It's About the Problem

There have been a lot of discussions today about developer Jeff Atwood’s post pleading people to not learn to code. Atwood is responding to the “everyone should code” and new features like Code Academy that promises to introduce people to the ins and outs of programming.

I tend to agree with the sentiment behind Gina Trapani and Benjamin Stein – there’s a big difference between professional development and coding. One of the things coding teaches is analytical skills, logical workflow, and debugging. Few other activities combine these into situations that require all three.

What Atwood is correct in noting is “[coding] puts the method before the problem. Before you go rushing out to learn to code, figure out what your problem actually is.”

For better or worse, in my department I am the person most people come to for questions regarding programming and code. People wonder if they should take Steve Ramsay’s Ruby course (they should, it’s great) or what language they should start with.

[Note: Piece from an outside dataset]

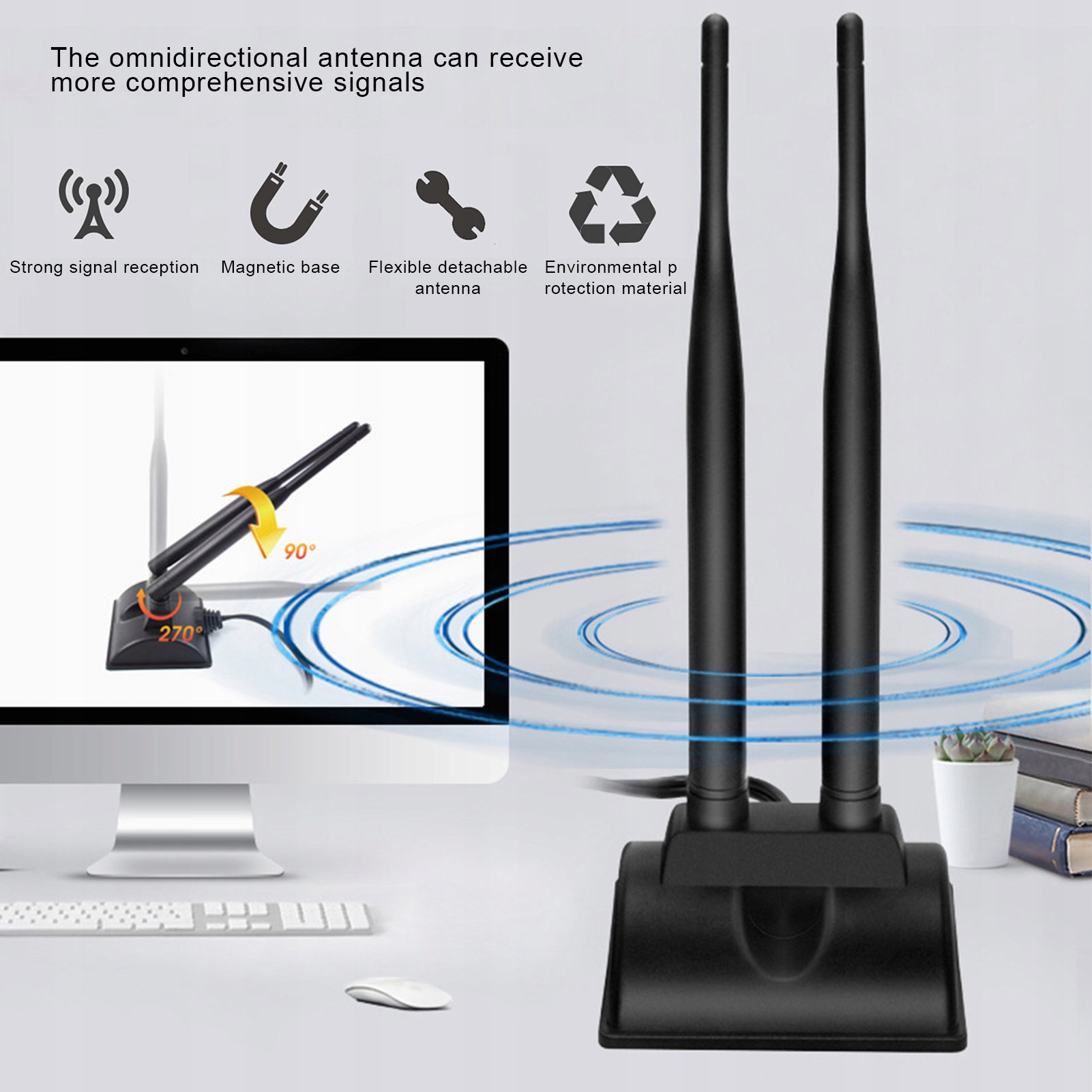 ✔️ Невеликий розмір не займає місця, гнучкий поворот на 360°, антена згинається під кутом від 90° до 180°.

Writing code, however, is not the first step.

Writing code is about solving problems. Digital humanities practitioners should be building, and writing code certainly falls within that domain. But if you think writing code is your starting point, then you are framing the issue incorrectly. What you need is to identify solutions to problems. Building your tool is little different than your standard research paper: identify your problem, determine your users (audience), do your research, figure out where your solution fits and how it’s different from existing solutions.

Writing code is not your first step. Identify the problem first.